**COLLECTED DATA**
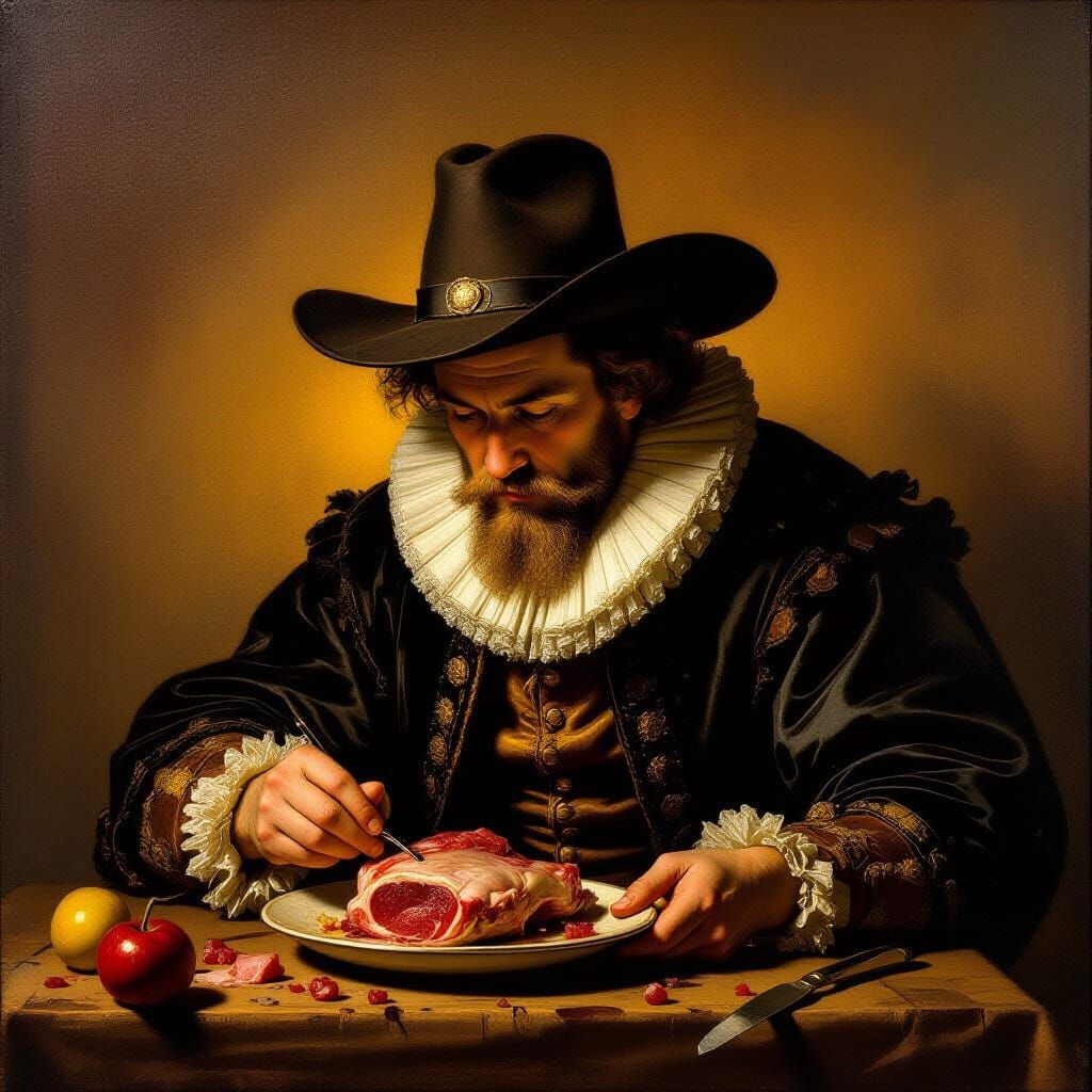 This oil painting depicts a majestic lynx eating prey, bathed in soft golden light. Rich colors and textured brushstrokes create a dramatic, raw realism.
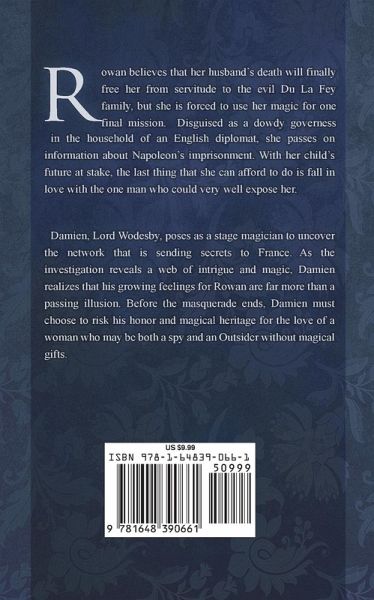 Rowan believes that her husband's death will finally free her from servitude to the evil Du La Fey family, but she is forced to use her magic for one final mission. Disguised as a dowdy governess in the household of an English diplomat, she passes on information about Napoleon's imprisonment. With her child's future at stake, the last thing that she can afford to do is fall in love with the one man who could very well expose her. Damien, Lord Wodesby, poses as a stage magician to uncover the network that is sending secrets to France. As the investigation reveals a web of intrigue and magic, Damien realizes that his growing feelings for Rowan are far more than a passing illusion. Before the masquerade ends, Damien must choose to risk his honor and magical heritage for the love of a woman who may be both a spy and an Outsider without magical gifts.
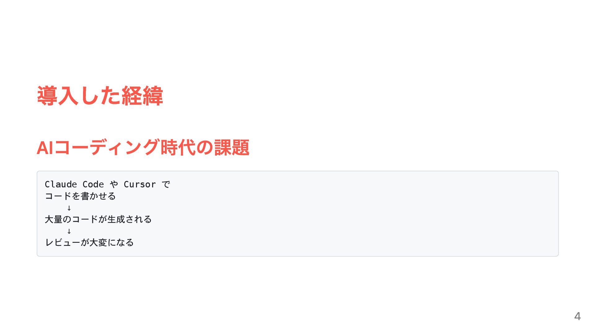 導入した経緯 AIコーディング時代の課題 Claude Code や Cursor で コードを書かせる ↓ 大量のコードが生成される
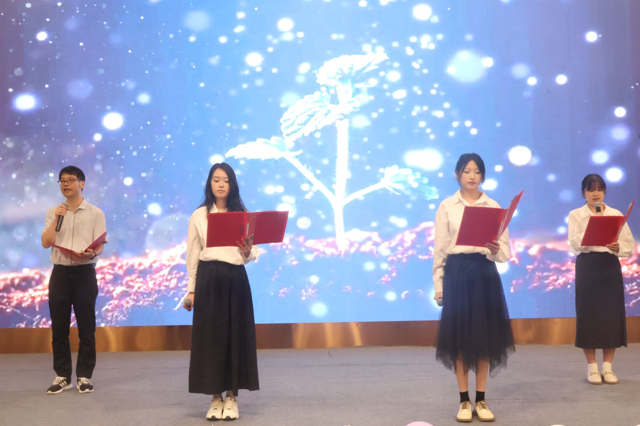 不负嘉大,不负韶华。教师代表鲁俊丰、张艳琴老师分别为毕业生们送上祝福:在未来的道路上学会“悦纳”自己,常回“嘉”看看。毕业生代表陈雪菲代表全体2024届毕业生表达了对老师与同学的深厚情谊与对未来嘉大的美好祝愿。

**PROBLEM TO SOLVE**
The copy should hold exactly the lines from the line containing "導入した経緯 AIコーディング時代の課題 Claude" through the end of the data, both ends included, and no pictures.

**WORKED SOLUTION**
 導入した経緯 AIコーディング時代の課題 Claude Code や Cursor で コードを書かせる ↓ 大量のコードが生成される
 不负嘉大,不负韶华。教师代表鲁俊丰、张艳琴老师分别为毕业生们送上祝福:在未来的道路上学会“悦纳”自己,常回“嘉”看看。毕业生代表陈雪菲代表全体2024届毕业生表达了对老师与同学的深厚情谊与对未来嘉大的美好祝愿。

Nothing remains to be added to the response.